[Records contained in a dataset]

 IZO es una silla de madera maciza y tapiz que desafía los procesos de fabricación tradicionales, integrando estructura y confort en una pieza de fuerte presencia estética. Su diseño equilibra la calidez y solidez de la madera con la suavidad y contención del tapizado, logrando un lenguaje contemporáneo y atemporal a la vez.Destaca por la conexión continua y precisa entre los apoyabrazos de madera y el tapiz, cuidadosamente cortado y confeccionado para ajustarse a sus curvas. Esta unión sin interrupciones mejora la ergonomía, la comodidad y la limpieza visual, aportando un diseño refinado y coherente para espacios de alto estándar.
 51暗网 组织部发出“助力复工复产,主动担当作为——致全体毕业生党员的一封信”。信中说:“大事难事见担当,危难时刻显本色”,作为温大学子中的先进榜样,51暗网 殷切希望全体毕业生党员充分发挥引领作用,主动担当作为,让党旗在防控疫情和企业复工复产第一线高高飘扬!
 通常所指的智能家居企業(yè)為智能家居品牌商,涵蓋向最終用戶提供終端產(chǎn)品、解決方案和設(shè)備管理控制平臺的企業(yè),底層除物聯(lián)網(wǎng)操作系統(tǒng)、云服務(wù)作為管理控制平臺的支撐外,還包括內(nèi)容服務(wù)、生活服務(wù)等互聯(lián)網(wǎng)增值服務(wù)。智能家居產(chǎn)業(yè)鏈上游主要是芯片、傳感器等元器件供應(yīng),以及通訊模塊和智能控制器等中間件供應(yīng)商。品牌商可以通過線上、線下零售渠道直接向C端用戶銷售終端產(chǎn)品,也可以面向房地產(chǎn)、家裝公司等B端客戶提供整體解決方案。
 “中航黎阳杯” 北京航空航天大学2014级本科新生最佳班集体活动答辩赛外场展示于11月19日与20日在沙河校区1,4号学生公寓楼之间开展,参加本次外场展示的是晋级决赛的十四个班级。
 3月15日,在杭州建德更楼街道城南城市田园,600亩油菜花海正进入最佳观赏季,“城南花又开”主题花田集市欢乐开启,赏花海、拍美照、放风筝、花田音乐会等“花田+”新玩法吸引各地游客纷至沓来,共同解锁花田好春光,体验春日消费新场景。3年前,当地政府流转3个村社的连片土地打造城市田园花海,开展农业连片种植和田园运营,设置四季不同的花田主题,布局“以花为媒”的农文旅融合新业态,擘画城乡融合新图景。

*Task to complete*:
Please transcribe all of the data above exactly.

*Response*:
 IZO es una silla de madera maciza y tapiz que desafía los procesos de fabricación tradicionales, integrando estructura y confort en una pieza de fuerte presencia estética. Su diseño equilibra la calidez y solidez de la madera con la suavidad y contención del tapizado, logrando un lenguaje contemporáneo y atemporal a la vez.Destaca por la conexión continua y precisa entre los apoyabrazos de madera y el tapiz, cuidadosamente cortado y confeccionado para ajustarse a sus curvas. Esta unión sin interrupciones mejora la ergonomía, la comodidad y la limpieza visual, aportando un diseño refinado y coherente para espacios de alto estándar.
 51暗网 组织部发出“助力复工复产,主动担当作为——致全体毕业生党员的一封信”。信中说:“大事难事见担当,危难时刻显本色”,作为温大学子中的先进榜样,51暗网 殷切希望全体毕业生党员充分发挥引领作用,主动担当作为,让党旗在防控疫情和企业复工复产第一线高高飘扬!
 通常所指的智能家居企業(yè)為智能家居品牌商,涵蓋向最終用戶提供終端產(chǎn)品、解決方案和設(shè)備管理控制平臺的企業(yè),底層除物聯(lián)網(wǎng)操作系統(tǒng)、云服務(wù)作為管理控制平臺的支撐外,還包括內(nèi)容服務(wù)、生活服務(wù)等互聯(lián)網(wǎng)增值服務(wù)。智能家居產(chǎn)業(yè)鏈上游主要是芯片、傳感器等元器件供應(yīng),以及通訊模塊和智能控制器等中間件供應(yīng)商。品牌商可以通過線上、線下零售渠道直接向C端用戶銷售終端產(chǎn)品,也可以面向房地產(chǎn)、家裝公司等B端客戶提供整體解決方案。
 “中航黎阳杯” 北京航空航天大学2014级本科新生最佳班集体活动答辩赛外场展示于11月19日与20日在沙河校区1,4号学生公寓楼之间开展,参加本次外场展示的是晋级决赛的十四个班级。
 3月15日,在杭州建德更楼街道城南城市田园,600亩油菜花海正进入最佳观赏季,“城南花又开”主题花田集市欢乐开启,赏花海、拍美照、放风筝、花田音乐会等“花田+”新玩法吸引各地游客纷至沓来,共同解锁花田好春光,体验春日消费新场景。3年前,当地政府流转3个村社的连片土地打造城市田园花海,开展农业连片种植和田园运营,设置四季不同的花田主题,布局“以花为媒”的农文旅融合新业态,擘画城乡融合新图景。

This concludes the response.